A look at corporate, personal and, where relevant, partnership insolvency proceedings in Spain, with a brief description to explain key features, as part of our Dictionary of Insolvency Terms in EU Member States. In particular, we highlight who controls the procedure and whether it is likely to be accompanied by a moratorium to prevent enforcement.

Procedimiento de negociación pública para la consecución de acuerdos de refinanciación colectivos, acuerdos de refinanciación homologados y propuestas anticipadas de convenio (Procedimientos 5.bis)

Negotiation procedures to seek support for either an out-of-court refinancing agreement, its homologation (approval) of refinancing agreement or an early creditors’ agreement (5.bis procedures)

  • The Spanish Insolvency Act includes a notification system for distressed companies when restructuring negotiations with creditors have begun, which suspends the obligation of the insolvent company to file for insolvency for a period of three months (four months in practice).
  • If the secured assets are necessary for the continuity of business, there is a stay on the ability of secured creditors to enforce their security if a notification has been made. This means that secured creditors who enjoyed priority over assets that might be considered necessary for the company’s business to continue must wait for the three-or four-month period to expire or a restructuring agreement to be reached, before being able to enforce their security.
  • The procedure applies also to partnerships and natural persons.

Acuerdos de Refinanciación (Procedimientos 71.bis)

Out-of-court refinancing agreement (71.bis procedures)

A procedure designed to avoid insolvency proceedings by increasing the credit available to the debtor or modifying its obligations to creditors.

The debtor proposes an arrangement that will allow it to continue to trade, which can take two forms:

  • Collective refinancing arrangement: a general refinancing agreement that requires the approval of 60% of creditors. It must include a viability plan that provides for a significant increase in the credit available to the debtor, or modified liabilities that will allow the debtor to continue to trade. An auditor appointed by the relevant company registry will also need to report on the effectiveness of the arrangement and it must be contained in a public deed.
  • Individual refinancing arrangement: the arrangement must satisfy stringent statutory requirements, eg an increase in the asset to liability ratio so that the value of security held by participating creditors does not exceed 90% of the value of their loans. This is intended to cover bilateral restructuring arrangements.

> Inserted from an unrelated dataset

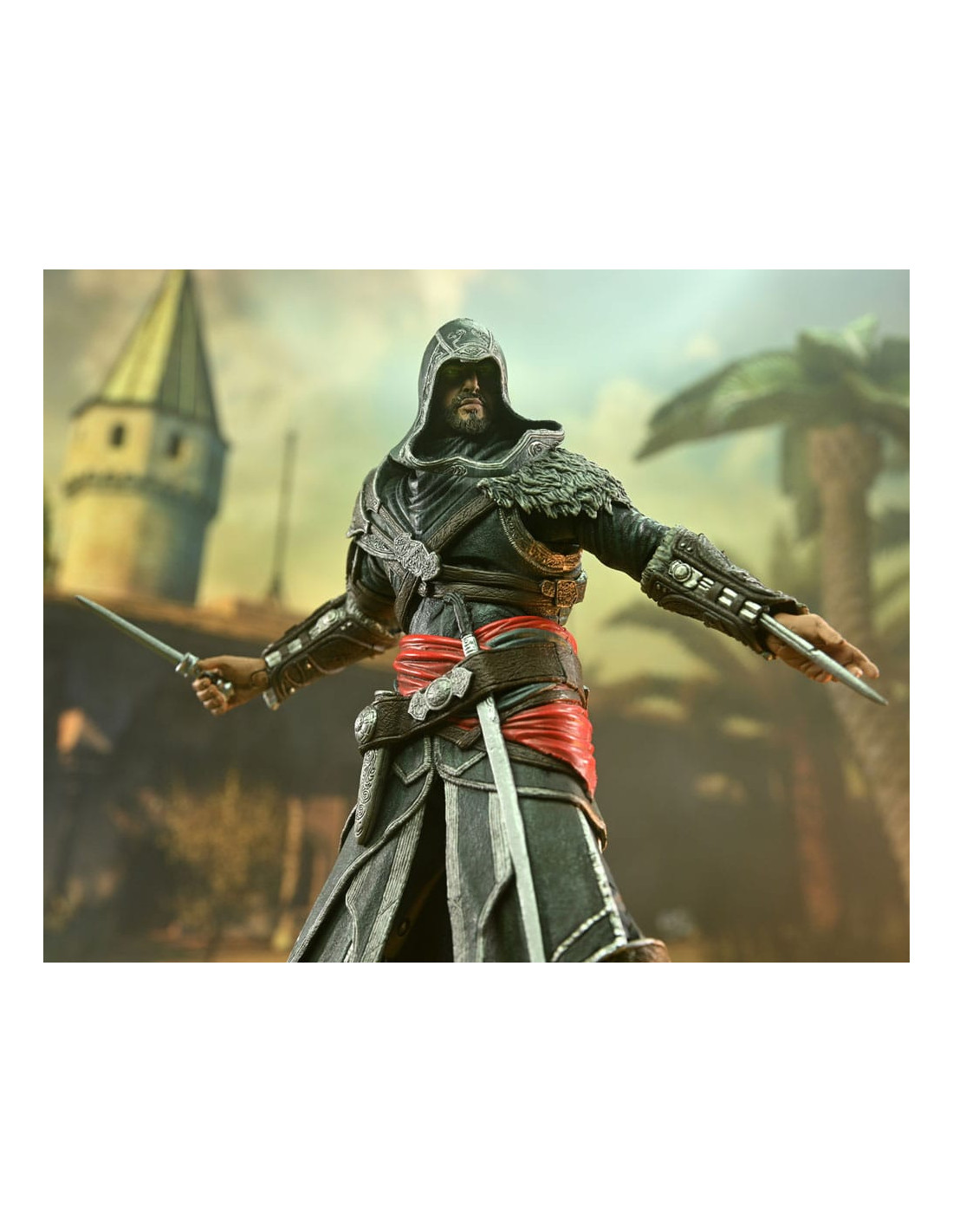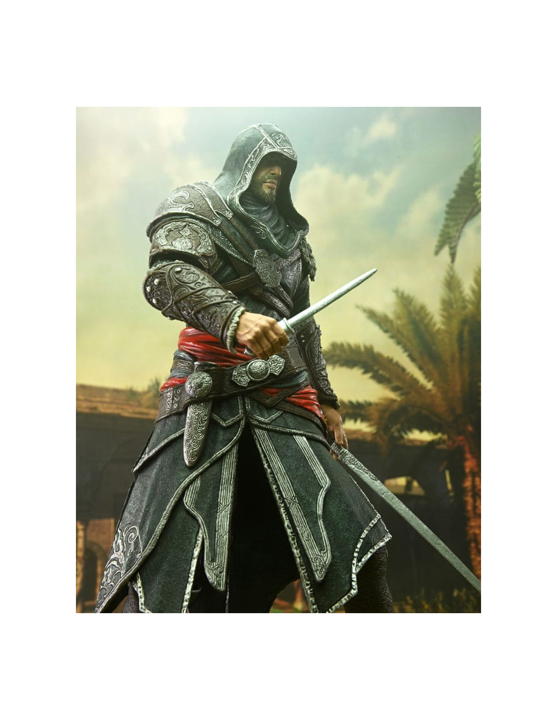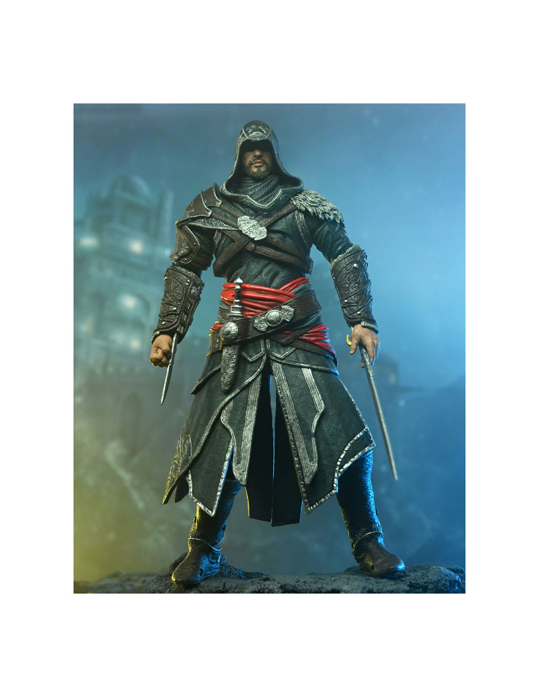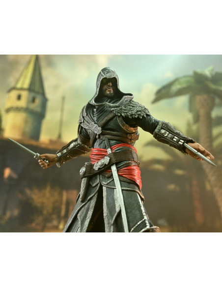 Neca presenta, dentro de su línea de productos, la figura de Ezio Auditore. El protagonista de popular videojuego Assassin's Creed mide 18 cm y tiene más de 35 puntos de articulación. Viene con 5x manos intercambiables junto con sus característicos puños extensibles, 1x daga, 1x espada y 1x ballesta.

Acuerdos de Refinanciación (Procedimientos 71.bis)

Out-of-court refinancing agreement (71.bis procedures)

  • These arrangements cannot bind dissenting creditors (whether secured or unsecured). Therefore, dissenting secured creditors can enforce their security.
  • Assets distributed under these arrangements cannot be clawed back in the event that the debtor enters an insolvency process.
  • The procedure applies to companies, partnerships and natural persons.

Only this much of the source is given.